Los conjuntos viajeros, como la LSO, tienen a gala mostrar su compromiso con la música actual, lo cual aporta un gran estímulo cuando se ofrece una obra de la calidad del concierto de Sail, pero también les resulta imprescindible para poder trazar las bases de su renombre y categoría medirse con las grandes piezas del repertorio. Y aquí Pappano, en absoluta coherencia con el resto del programa, eligió uno de los pilares sobre los que descansa la celebridad de Beethoven, esa Séptima sinfonía que Wagner denominó «apoteosis de la danza».
Pareciera como si las grandes formaciones sinfónicas sufrieran hoy de un cierto complejo, el que les inocularon sus hermanas pequeñas, las agrupaciones llamadas historicistas, en su permanente búsqueda del santo grial de la verdad interpretativa. Lo cual nos priva a los más retrógados de esas sonoridades graníticas, sólidas como el pan de dos días que sirven en algunos desvergonzados restaurantes, que, tristes de nosotros, aprendimos a escuchar en las antiguas versiones de Karajan, Klemperer o Szell. En aras de una mayor verosimilitud, se han impuesto interpretaciones desprovistas de la grasa, de aires menos saturados, ritmos ágiles y sonido transparente. De ahí que, influidos por ese afán riguroso, los conjuntos más tradicionales hayan buscado la manera de adaptarse también a los nuevos tiempos, en lugar de permanecer fieles a su tradición.

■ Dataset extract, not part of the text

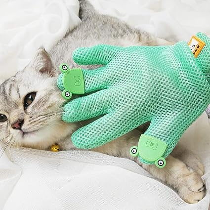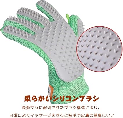 ペットブラシ グルーミング手袋 マッサージブラシ グローブ 抜け毛グルーミング用 入浴ブラシ 抜け毛取り 猫用 犬用 お手入れグローブ 右手用 おもちゃセット付き (グリーン) | Pettopoint

Pappano, que impone unos «tempi» férreos, a lo Toscanini, no duda en incorporar algunos matices: ausencia de vibrato en la cuerda y omnipresencia del timbal, aquí casi convertido en solista. Lo que importan son los resultados y su lectura resultó, como cuando se adoptan este tipo de compromisos, interesante aunque no reveladora. La respuesta orquestal resultó formidable. Beethoven, ya acostumbrado a todo, no se resintió de las dudas sobre el modelo a aplicarle y su música ejerció una vez más como el reconstituyente bálsamo de siempre para las almas atribuladas, un soplo de esperanza en medio de la nada.
Como resulta en estas visitas, también se pudo disfrutar de los regalos. En la primera parte, la violinista obsequió en su segunda propina una obra de esas que hacen brotar las risas espontáneas del público, quizá como búsqueda de aquello que manifestaba Goethe: «El arte auténtico sólo puede brotar del íntimo vínculo entre el juego y la seriedad». Crin, la breve pieza del compositor Jorge Sánchez-Chiong, sugiere que el solista debe incorporar pequeños gritos y algunas vocalizaciones, un efecto humorístico, completamente inocuo. Algo, el hecho de que «la música, la buena música, pueda ser divertida y graciosa» (como sugiere Alfred Brendel en el prólogo de El humor en la música de Benet Cablancas), que «todavía no ha sido universalmente reconocido».
Ya en el tiempo de descuento, con su contemplativa lectura de la Pavana de Fauré, Pappano y la LSO tiñeron el aire otoñal de una vaga melancolía que seguramente se apoderó de los asistentes en el regreso a sus hogares. Alguno incluso silbaba la pegadiza melodía por el camino.